『鉄の時代』(クッツェー)について
10月12日(日)の日本経済新聞に『鉄の時代』(J. M. クッツェー著 くぼたのぞみ訳)という小説の書評を載せたのですが、ネット上では読めないとのご指摘をいただいたので、ここに転載いたします。
私の文章そのものは大したものではないのですが、この小説は現代の読者の心情に大いに訴えるものがあると感じたので(私自身、いろいろと考えさせられました)、少しでも紹介できればと思います。原著は18年前のものですし、河出書房新社から刊行途中の、「世界文学全集」の一冊なので、もとから「文学」に関心のない人には手に取りにくいかもしれませんので。
一点だけ補足しておくと、拙評で最後に「パンドラの箱」がでてくるのはヘシオドス『仕事と日々』で、「鉄の時代」を扱う直前にこの逸話が歌われているためです。あ、もうひとつ。紙面に載っているタイトル的なもの「生の意義と悲惨な歴史の意味」は、編集部でつけてくださったものです。私自身がタイトルをつけるなら、「遠さと近さ」といったところでしょうか。
『鉄の時代』で人種問題の生々しい現実を知ってから、前に『新潮』で書評したパワーズ『われらが歌う時』(高吉一郎訳 新潮社)をあわせて読み、問題の根深さとアクチュアリティについて認識を深めてから、先日のアメリカ大統領選に思いをはせたりすると、なかなか有意義な読書ができるのではないでしょうか。
なお、書評した本が売れても私の懐はとくに暖まりません。お疑いなきよう。
それから、久しぶりにプロフィール欄(スウィフトの肖像下、「About」のリンク先)の「タケダのお仕事」を更新しました。
『鉄の時代』評は、この記事の続きをご覧ください。
(書評)J・M・クッツェー『鉄の時代』(河出書房新社)
「遠さと近さ」
舞台は南アフリカ。癌に冒された老女が、遠くアメリカに住む娘に宛てて日記を書き遺す。それは静かで平穏な日々――とはならなかった。時代はアパルトヘイト(人種隔離政策)末期、黒人家政婦の幼い息子が反体制活動に身を投じる。
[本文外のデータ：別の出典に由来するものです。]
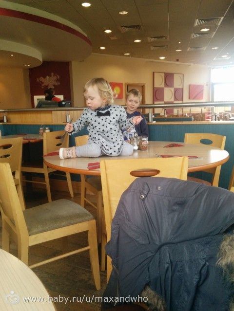 Дети поели и ушли рисовать за соседний столик. официантка (знакомая наша ) подошла поболтать- такие дети у вас замечательные! Поели аккуратненько, и ушли тихонько рисовать! Я-ага, это она тут хорошая, а дома б сидела на столе и в наших тарелках порядки наводила))) Она-как на столе!!!???? Лиза-вот так!

憎しみに顔を歪め、命を顧みない若者たちに向けて、非暴力を訴える老女の声は届かない。病身を駆り立て、圧政の実態を目撃するうちに、長年抱いてきた価値観が揺さぶられてゆく。
遠い国の、少し昔の話。しかし、本書には私たちを巻き込む底知れぬ力がある。その理由の一つは、語り手の老女が差別を告発するだけでなく、白人として糾弾の対象にもなるという二重性にある。差別への憤りは直ちに自らに降りかかり、癌細胞のように彼女を蝕む。もはや無知に逃げ込むことなどできない。「善良なだけでは不十分だとは、なんという時代だろう!」そう嘆く老女は、共感と反撥のあいだを揺れ動きながら黒人たちに近づくが、見えない冷たい柵に押し戻されるばかりだ。黒人たちは自らの名前さえも明かさない。世界は敵・味方で分断され、個と個の触れ合いは忘れ去られている。近い人々が限りなく遠い、荒涼とした時代。
このような時代にあって、老女は酒びたりの浮浪者に日記(すなわち本書)を委ねる。社会で行き場を失った彼女の声は、死後、やはり社会から忘れられた男の手によって娘の許に送られるだろう。もっとも、彼が老女の遺言を守る保証はない。だが、信頼の崩壊した時代だからこそ、彼女は得体の知れぬ隣人に大切なものを託した。そこには、彼女の生の意義と、悲惨な歴史の意味とが共に賭けられている。
時代に翻弄された個人の思いの込められた本書は、原著の刊行から十八年かけて日本の読者に届けられた。その間、アパルトヘイトは撤廃され、著者のクッツェーはノーベル文学賞に輝いた。しかし、本書のメッセージ、そこで賭けられているものが届くのは、まだこれからだ。私たちもまた、鉄の時代を生きている。世界に害毒をまき散らしたパンドラの箱に、最後に残っていたのは希望だった。本書を読み終えたとき、そこには何が残っているだろうか。